The pace of rigs moving into North Dakota has slowed and rigs have actually been moving out to move to more prolific areas like the Eagle Ford.

Bakken Rig Counts Leveled Off

EOG is the largest horizontal driller in the U.S. with twice as many active rigs as their closest competitor. CEO Mark Papa said the Eagle Ford was going to surpass the Bakken growth rate in 2013. Eagle Ford wells are easier to drill and cheaper. That is attracting the surplus rigs that don't have a permanent home.

Production in the Eagle Ford rose +77% in March compared to March 2012. The nine fields that make up the "Eagle Ford" produced 529,874 bpd in March. This helped raise Texas production to 2.3 mbpd in February and the most since April 1986 according to the EIA.

EOG is the largest leaseholder with 639,000 net acres in the Eagle Ford followed by CHK, APA and BP in that order.

Production of NGLs was 89,345 bpd in March. That was down from 123,871 in March 2012. Natural gas was 1.89 Bcf down from 2.03 Bcf in 2012. This shows the move away from gas drilling and towards oil.

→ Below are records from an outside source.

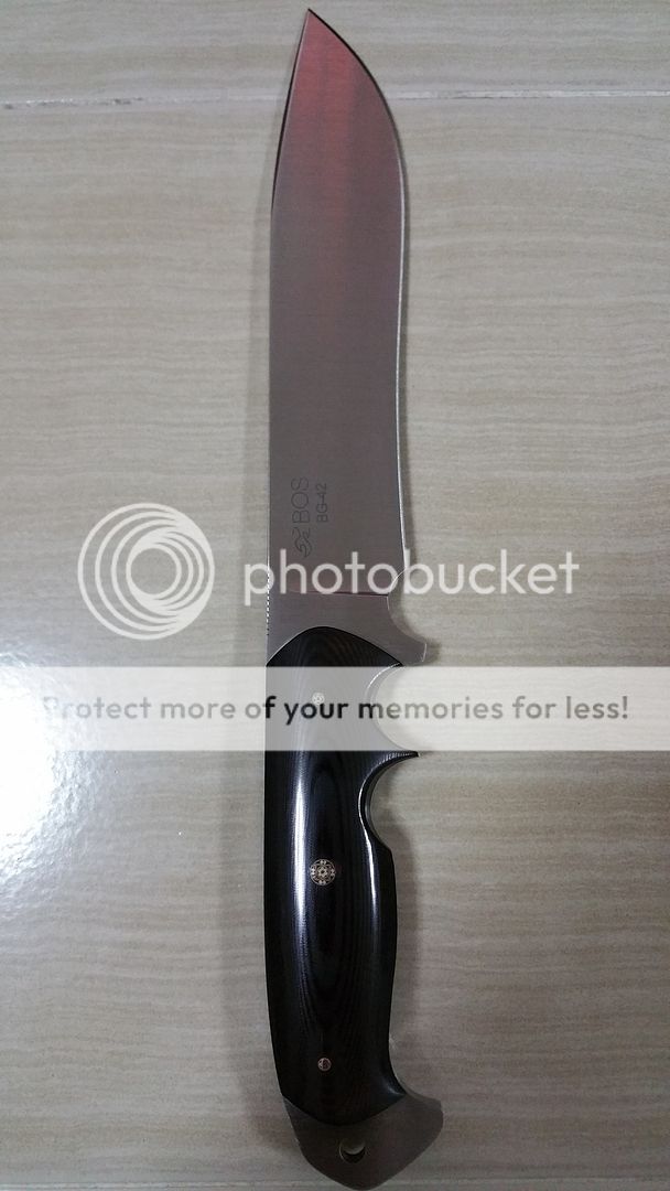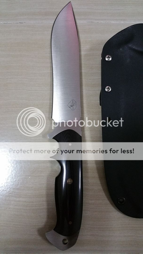 Trace Rinaldi Tempest- Have only seen 1 other Tempest in 10 yrs of collecting Trace's knives, and it was in S30v. Blade length(incl choil)- 8" of 1/4" thick BOS HT BG42 steel. Trace usually used 3/16" thick S30v for the Tempest. As far as I know, this is the only BG42 one made. Handle is very comfy, maroon micarta with mosiac pins. Comes with kydex sheath with tek lok. Mint condition, never used or carried. $645+3.5% fees, includes registered shipping with tracking and insurance from Singapore. Thanks!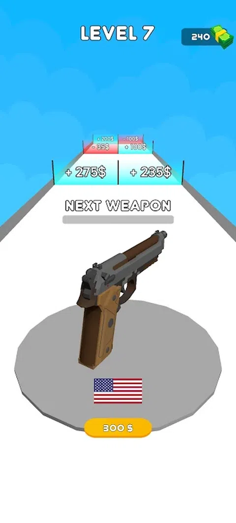 开发你的武器,瞄准最强大的武器! 成为镇上最大的武器收藏家!穿过门,升级你的武器。出售武器赚钱,以提高武器价值和销售价格。保存武器以完成您的收藏,并尝试将其全部收集
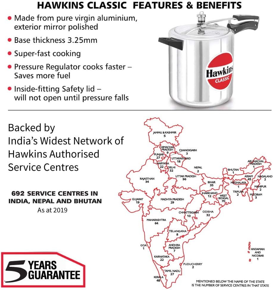 8 Liter wide body Pressure Cooker with Easy quarter turn Open & Close Lid Made from commercially pure, virgin aluminum; Mirror polished; interior and base matt finish Features a ‘goof-proof’ lid that seals from the inside like a jetliner door, ensuring greater safety Inside fitting lid opens only when pressure falls; Stay cool handles Pressure is regulated automatically to optimum levels for speed cooking; Shielded Safety valve, Long lasting gasket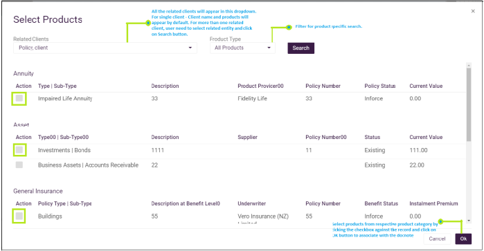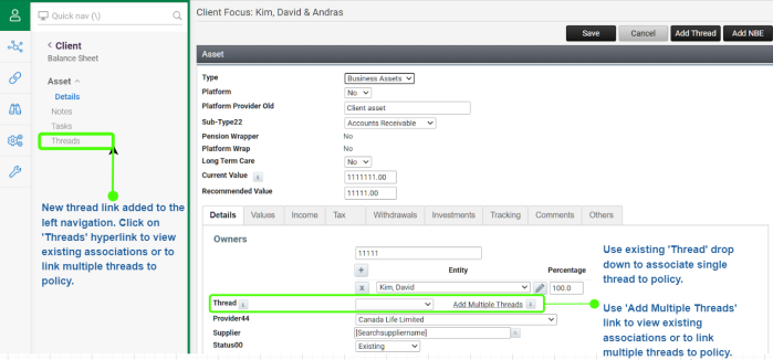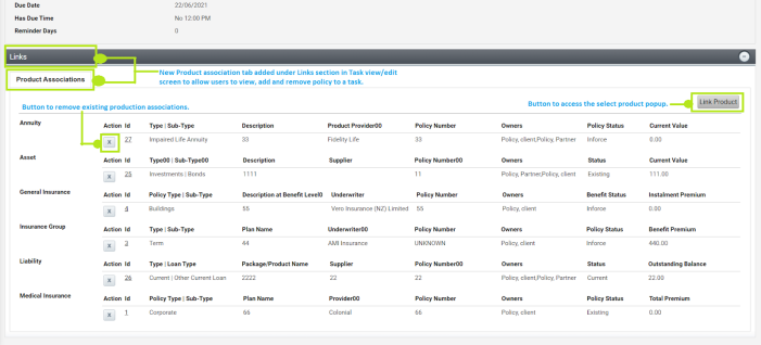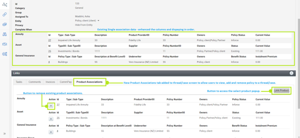 to improve the linking and unlinking of policies (Annuity, Asset, Liability,

The U.S. markets may finally be in correction mode. The markets opened lower this morning and although they closed off their lows the Dow still lost -106, Nasdaq -21 and S&P -11. This puts them near the bottom of the dip from last week and a break below that level would be technically bearish. Futures are negative -2 at 7:30 ET but that is nothing this early in the session. The European and Asian markets tonight will greatly influence our markets on Thursday.

U.S. economics include the GDP revision, pending home sales and Chinese PMI.

We may be seeing some cracks in the foundation of the market and seven month rally. The Dow has not had a three-day losing streak in 2013 so we are way overdue for a decent bout of profit taking.

We are going to be heading into the summer doldrums where traders are absent from the market and spending time with their families. Even the most bullish of analysts are still predicting a weakening of the market the summer. Be patient because we will use any declines as a buying opportunity.